Glenda del Monte Escalante, known professionally as Glenda del E, is a Cuban-Canadian pianist, singer, record producer, arranger and composer, nominated for a Latin Grammy Award in 2022 for her album Ella, in collaboration with Venezuelan violinist Daniela Padrón.

Born and raised in Havana, she became interested in music since childhood due to the influence of her parents. She received musical training on the island and later moved with her family to Canada to study at the Royal Conservatory of Music in Toronto. After joining the canadian pop band The Parachute Club in the late 2000s, in the 2010s she formed the group Glenda del E & Q-ban Mixology, with which she recorded an album of the same name in 2010.

During this period, she collaborated with artists like Paquito D'Rivera, Fernando Osorio, and Oriente López, and in 2015 she was invited by Alejandro Sanz to be part of his Sirope tour. Since then, she has accompanied the Spanish singer as a pianist in his live performances and in some studio recordings. In November 2020, she joined the band of Venezuelan singer José Luis Rodríguez during a streaming presentation.

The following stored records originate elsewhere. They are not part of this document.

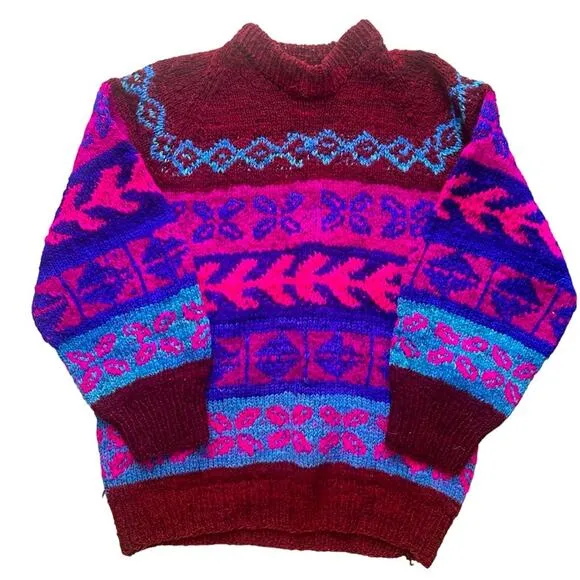 One of a kind, handmade sweater 100% wool Made in Bolivia Normal signs of vintage wear See photos for approximate measurements All items come from a pet friendly and smoke free home.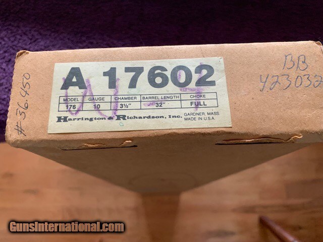 HARRINGTON & RICHARDSON MODEL 176, 10 GA., 32” FULL CHOKE, LIKE NEW IN THE BOX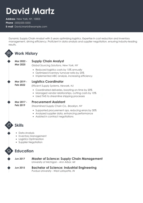 In terms of how to organize and present your data, it’s best to stick to the reverse-chronological format for supply chain analyst resumes. This means that you’ll be listing your most recent experience first to highlight your biggest accomplishments as a supply chain professional.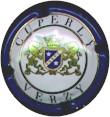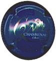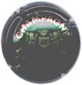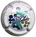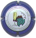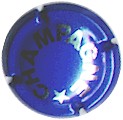 fond bleu foncé constellé de bulles or, de feuilles de vignes or et de grappes de raisins or, un immense "C" bleu clair bordé or recouvrant la plaque |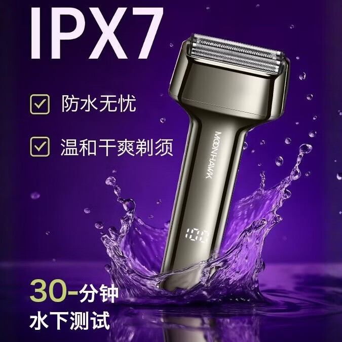 ¥68 月鹰(MOONHAWK)往复式剃须刀便携款电动剃须刀IPX7级防水智能刮胡子旅行便携(一日达) 银色 七级防水 旅行装天地盒 129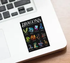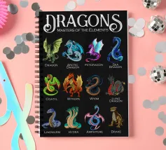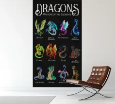 Questa impressionante grafica mostra dodici diverse specie di drago in illustrazioni colorate, ognuna con il proprio nome. Da creature classiche come il "Wyvern" o il "Lindwurm" a creature esotiche come il "Feydragon" o l'"Amphitere", ogni esemplare è unico per colore, forma e carattere. Le maestose creature sono disposte su uno sfondo scuro con la scritta bianca "Dragons - Masters of the Elements" (Draghi - Maestri degli Elementi), che sottolinea il tema soprannaturale.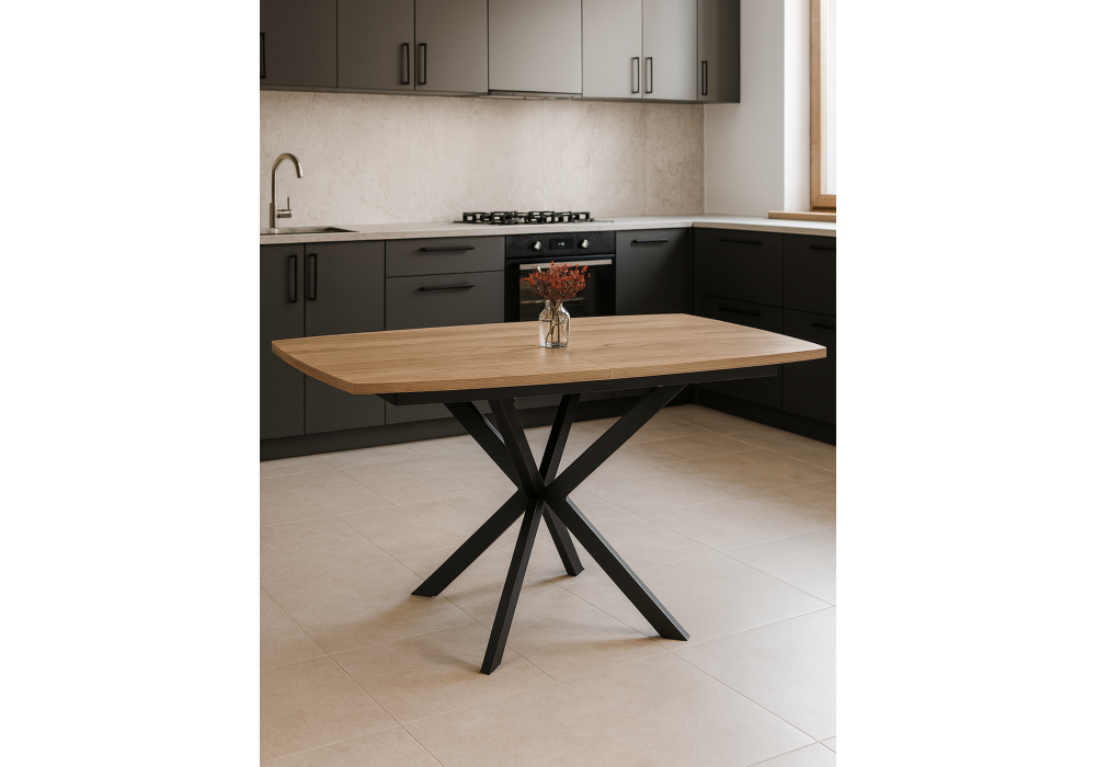 Стол деревянный Woodville Палу 130(170)х80 дуб веллингтон, черный

After being nominated for the Latin Grammy Awards, in 2023 she released her first full-length album as a soloist, entitled Kaleidoscope. Parallel to her work as an artist, Glenda has worked as a music teacher at institutions like York University, the Yamaha Music School, the Miami Conservatory of Music, and the New York Piano School, among others.

== Early life ==
Glenda was born in Havana and grew up in a musical family, daughter of Cuban singer Mireya Escalante and percussionist Mayito del Monte. She became interested in music at the age of four or five, when her father took her to rehearsals of the Riverside Orchestra. In her beginnings, she was part of the Paquito González Cueto school band. She began her training as a pianist at the age of seven at the Paulita Concepción Music School, and later studied music at the Amadeo Roldán Conservatory.

Although she received classical training, she had the opportunity to form a group with her mother called Mireya Escalante & Latin Street, in which she had her first approach to salsa and Latin jazz. Still linked to the conservatory, she received an invitation to participate in a New Talent and Model Search piano competition in Toronto, which allowed her to obtain a scholarship at the Royal Conservatory of Music in Toronto, the city where she settled with her parents.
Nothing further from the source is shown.